And in my obsessive account-taking of time that I call “writing nonfiction,” I did fall in a sort of love with time. We became familiar. I watch its movements as closely as I might a Brassai photograph held to a lamplight: Paris was good that year, that kiss will always have happened, that woman was young once too. It is a lover who will leave me, I am sure of it, but while it is here I will never take for granted its lush face, its deliberate pace, its follies and humors, the moments when I can feel the force of it on me. It is intimate, as I said, my attention.

So when I wrote my first book, a memoir, the only thing I tinkered with truth-wise was time. I knew just how to do; it seemed fair, it was my familiar, and I knew well what worked on it. Other people are other people. I would never mess with their lives. Ask anyone who has read the book: I was extremely fair to other people. Hey, reviews say it. Also, I was accurate about the place I lived to an anthropological degree. No fact-checker would need to wonder about the miles that truly lie between Salt Lake City and Wellsville, Utah, nor about the mores and habits of my Mormon neighborhood from dusk to dawn. The dialogue of everyone is just what they said, the wonderous puzzle of humans saying crazy amazing things or perfectly exemplary every day things just replicated lovingly in the text.

But writers: I moved before the book was done. And the book was about being there.

The infraction is so slight. One trip taken after I moved is included in the timeline as having happened last, just before I moved. But I’ve thought about it a lot. I’m glad I did it too (she says defensively) because in thinking about this narrative choice, I learned something very important.

I think no one writes more beautifully about temporal moments than Virginia Woolf. I’m not the first one to think this – her essay and collection both called “Moments of Being” are anthologized and taught widely ­­– but I’m one of the cadre of readers who believe it. No one else has honored so well those moments that fall in between other moments, the ones that define us in ways we can’t explain when we aren’t looking for it, so much better than those moments we work ourselves up for and stand on the top of the mountain for, waiting on the lightning and the tablets to be passed down. And my time as I left such a beloved place was full of this, the inconveniently sublime. Maudlin ridiculous moments patting trees and sides of houses, hikes of pilgrimage and exodus on days of horrible weather, sitting on my dogs’ graves speaking, it must have appeared, in tongues, to nothing. And in these ways the occasion on which I returned to Utah, the place of the book, after I’d moved, well, it was not on a different timeline. My address had changed but my head hadn’t budged. Splitting hairs? Sure. But did it affect anyone else? No.

And so that’s where my line is. If Vivian Gornick wants to mishmash all her deceased mother’s conversations into one, she’s allowed under my own law of creative nonfiction. She’s feeling it. I’m unlikely to do that largely because I am interested in the mundane aggravation of seemingly worthless time (see above, re: me and Time’s love affair) and what it reveals on further investigation, i.e. all the times our mothers don’t say anything “worth” recounting. But I haven’t tried to telescope forty years of conversations yet, so don’t count me out.

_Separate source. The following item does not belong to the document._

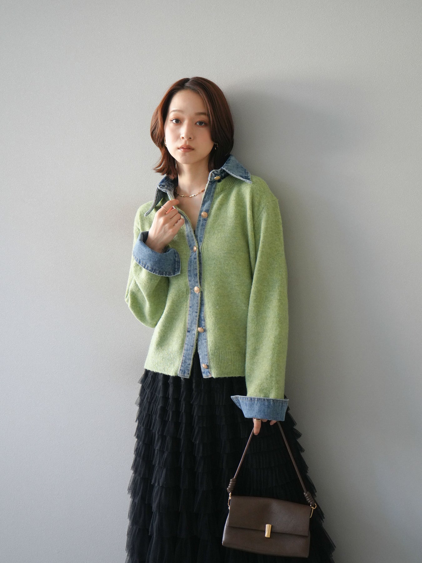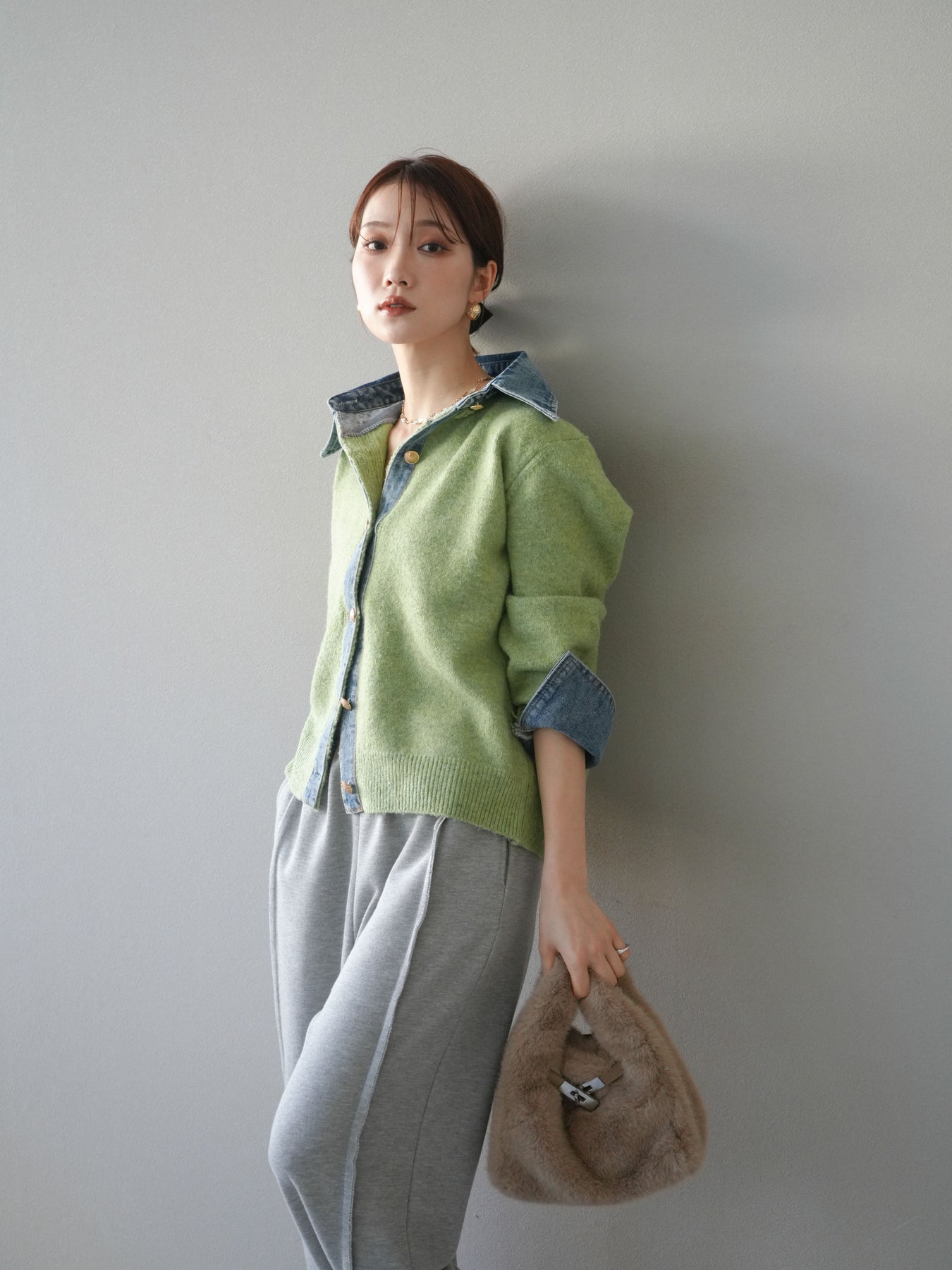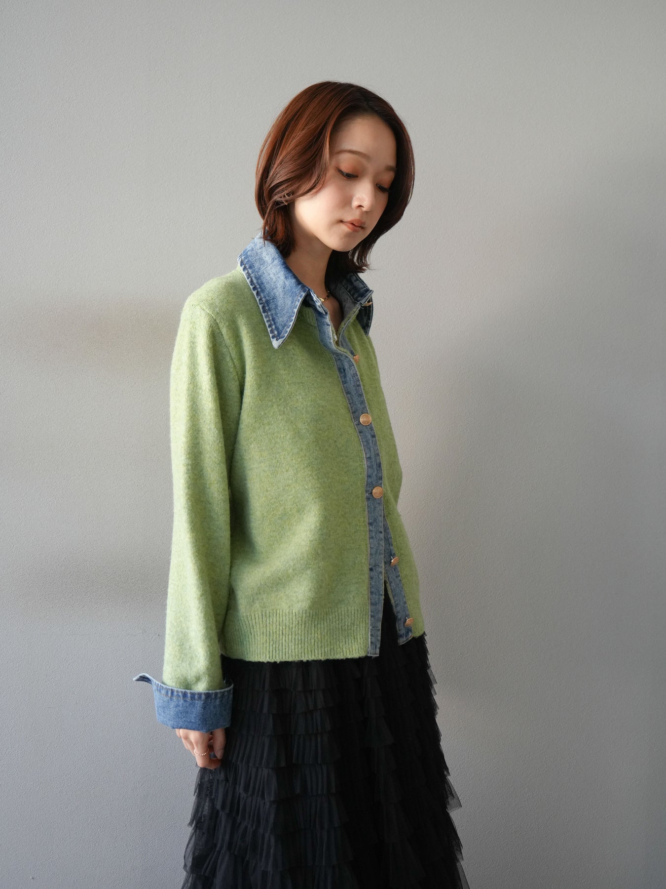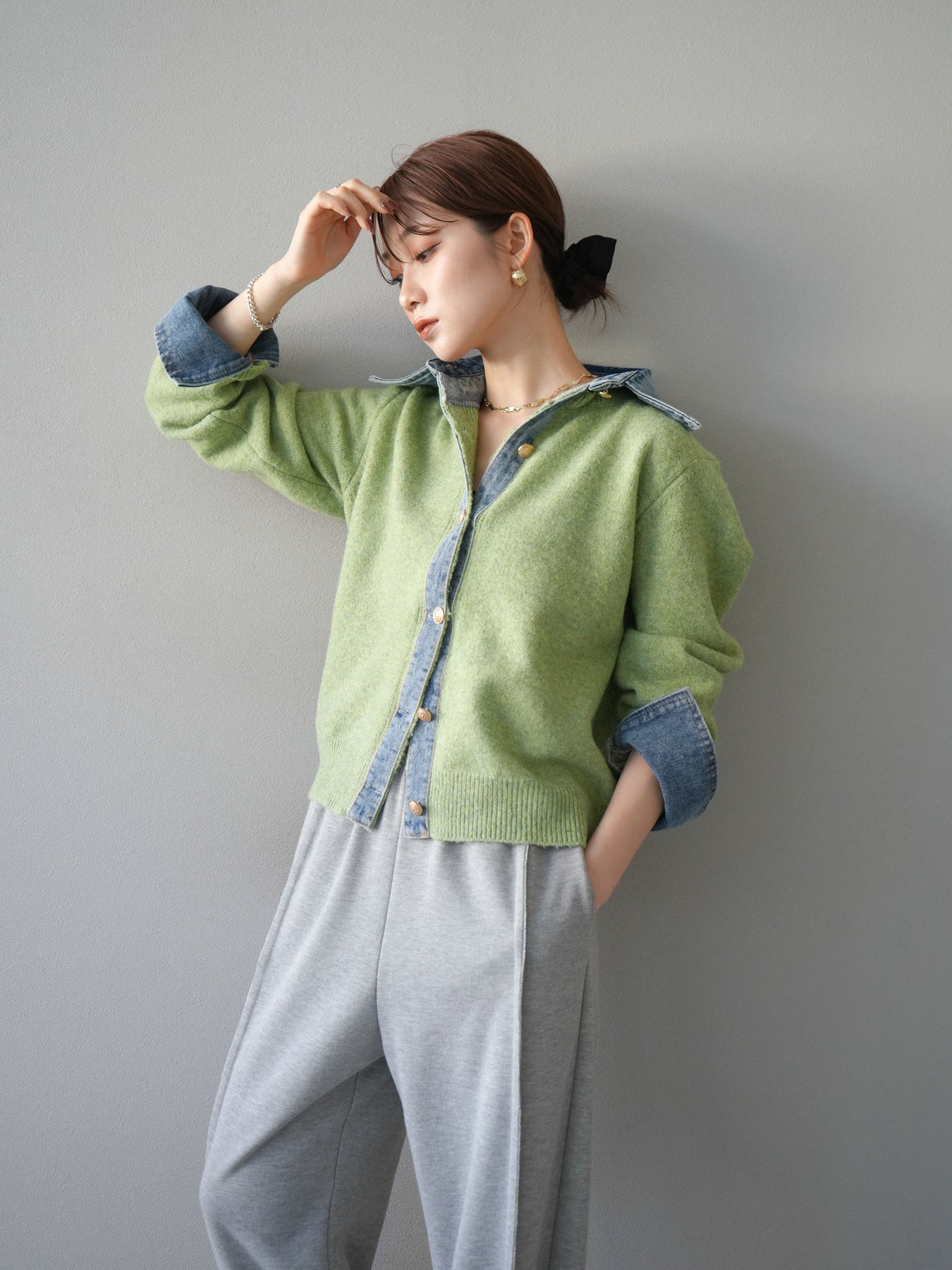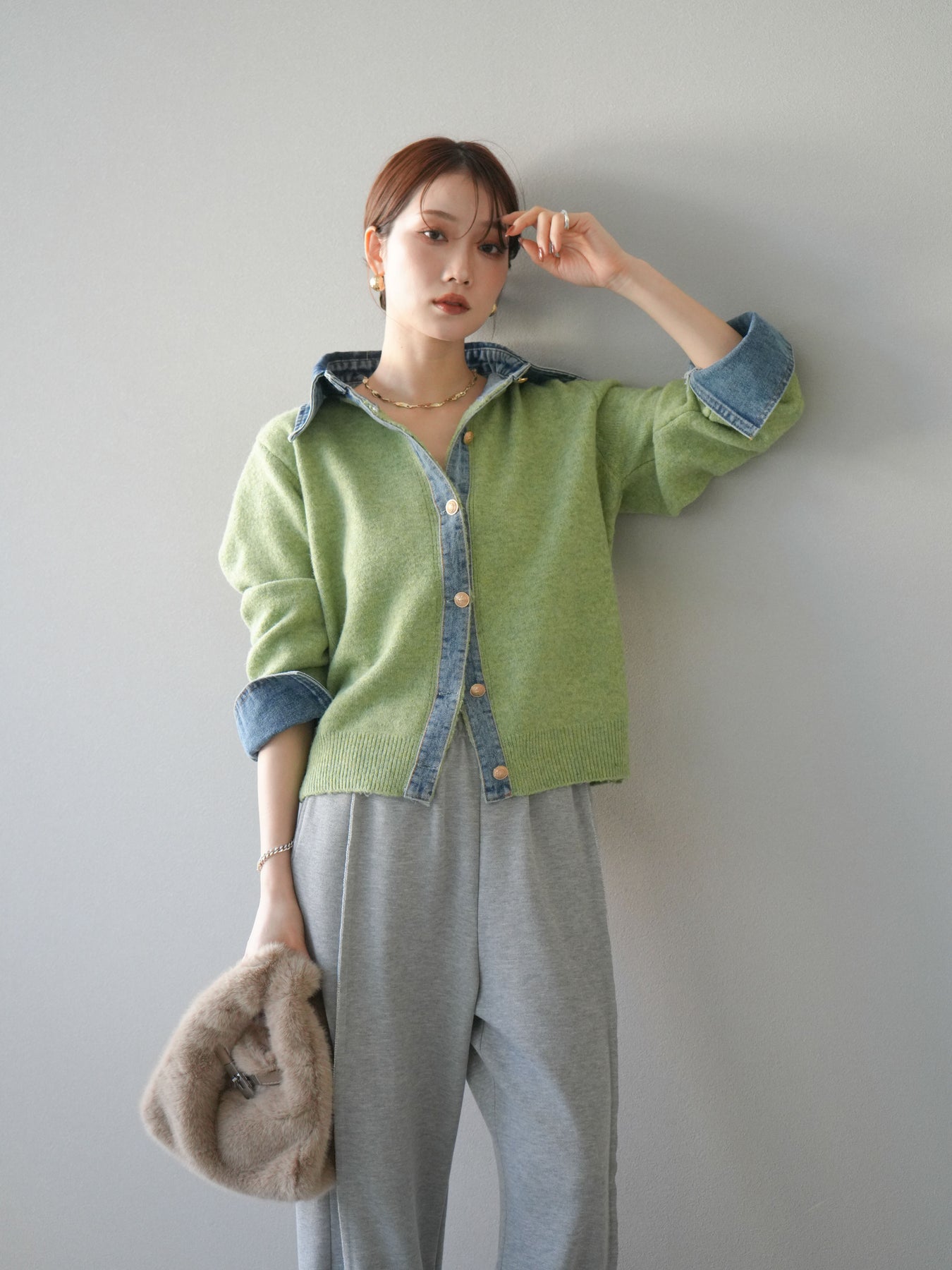 [予約]デニム襟ボタンニットカーディガン/pistachio

I wrote once that memoir is held by a “tensile strength.” I think unacknowledged untruth, in nonfiction, is the un-annealer, the ruiner of metals and bonds, the thing that anti-climactically releases the tension of the narrative into disparate parts. I think that the truth of this unbelievable life, well-considered and well-loved with the attention of craft and retrospection, is the spring we can’t stop pressing together if only to watch it work over and over, jumping in our hands like a live thing.

 

 

Liz Stephens is the author of the memoir The Days Are Gods from University of Nebraska Press. She has served as Managing Editor of Brevity, was a finalist for the Annie Dillard Award for Creative Nonfiction, and is included in an upcoming anthology Dirt: A Love Story from University of New England Press.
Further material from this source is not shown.